Interaksi dari elemen lingkungan yaitu antara yang tergolong hayati dan non-hayati akan menentukan kelangsungan siklus ekosistem, yang didalamnya didapati proses pergerakan energi dan hara (material) dalam suatu sistem yang menandai adanya habitat, proses adaptasi dan evolusi.
Dalam memanipulasi lingkungan hidupnya, maka manusia harus mampu mengenali sifat lingkungan hidup yang ditentukan oleh macam-macam faktor.
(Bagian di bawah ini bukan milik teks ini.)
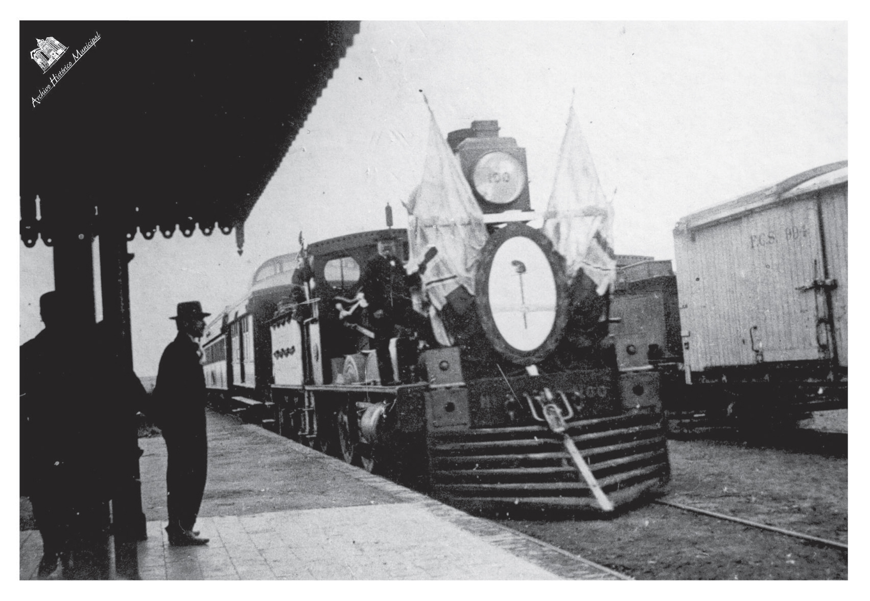 En esta foto se puede apreciar el arribo de la primera locomotora del Ferrocarril del Sud a la estación Punta Alta. En la máquina, empavesada con banderas inglesas y argentinas, se observa colgado del estibo, a Mr. Arthur Coleman. La construcción de la Base Naval, iniciada en 1898, determinó la necesidad de prolongar las vías férreas del Ferrocarril del Sud, de capital británico, desde Grünbein a los obradores a fin de transportar materiales y, al mismo tiempo, servir a la población del lugar. La línea se tendió en tiempo récord: 48 días. El 30 de agosto transportó los primeros cañones hasta Baterías. El 26 de septiembre de 1898 comenzó a funcionar el servicio de carga y el 1° de noviembre el de pasajeros, en la estación llamada Punta Alta, más tarde Puerto Belgrano, donde hoy funciona el Museo Naval. Unos metros más adelante, el ramal se transformaba en el Ferrocarril Estratégico hasta Baterías. Esta línea férrea es importante en la historia de la ciudad puesto que fue el estímulo para que los habitantes se congregaran espontáneamente en torno a las vías y a la estación, de la que la ciudad tomó su nombre.

Berkaitan dengan pernyataan ini, Soemarwoto (1991: 50-51) mengkategorikan sifat lingkungan hidup atas dasar:
(1)   Jenis dan jumlah masing-masing jenis unsur lingkungan hidup tersebut
(2)   Hubungan atau interaksi antara unsur dalam lingkungan hidup tersebut
(3)   Kelakuan atau kondisi unsur lingkungan hidup
(4)   Faktor-faktor non-materiil, seperti cahaya dan kebisingan
Manusia berinteraksi dengan lingkungan hidupnya, yang dapat mempengaruhi dan dipengaruhi oleh lingkungan hidupnya, membentuk dan dibentuk oleh lingkungan hidupnya. Hubungan manusia dengan lingkungan hidupnya adalah sirkuler, berarti jika terjadi perubahan pada lingkungan hidupnya maka manusia akan terpengaruh.
Uraian ini dapat menjelaskan akibat yang ditimbulkan oleh adanya pencemaran lingkungan, terutama terhadap kesehatan dan mutu hidup manusia. Misalnya, akibat polusi asap kendaraan atau cerobong industri, udara yang dipergunakan untuk bernafas oleh manusia yang tinggal di lingkungan itu akan tercemar oleh gas CO (karbon monoksida). Berkaitan dengan paparan ini, perlakuan manusia terhadap lingkungan akan mempengaruhi mutu lingkungan hidupnya.
Konsep mutu lingkungan berbeda bagi tiap orang yang mengartikan dan mempersepsikannya. Soemarwoto (1991: 53) secara sederhana menerjemahkan bahwa mutu lingkungan hidup diukur dari kerasannya manusia yang tinggal di lingkungan tersebut, yang diakibatkan oleh terjaminnya perolehan rezeki, iklim dan faktor alamiah lainnya yang sesuai.
Batasan ini terasa sempit, bila dikaitkan dengan pengaruh elemen lingkungan yang sifatnya tidak dikenali dan dirasakan, misalnya dampak radiasi baik yang disebabkan oleh sinar ultraviolet atau limbah nuklir, yang bersifat merugikan bagi kelangsungan hidup makhluk hidup.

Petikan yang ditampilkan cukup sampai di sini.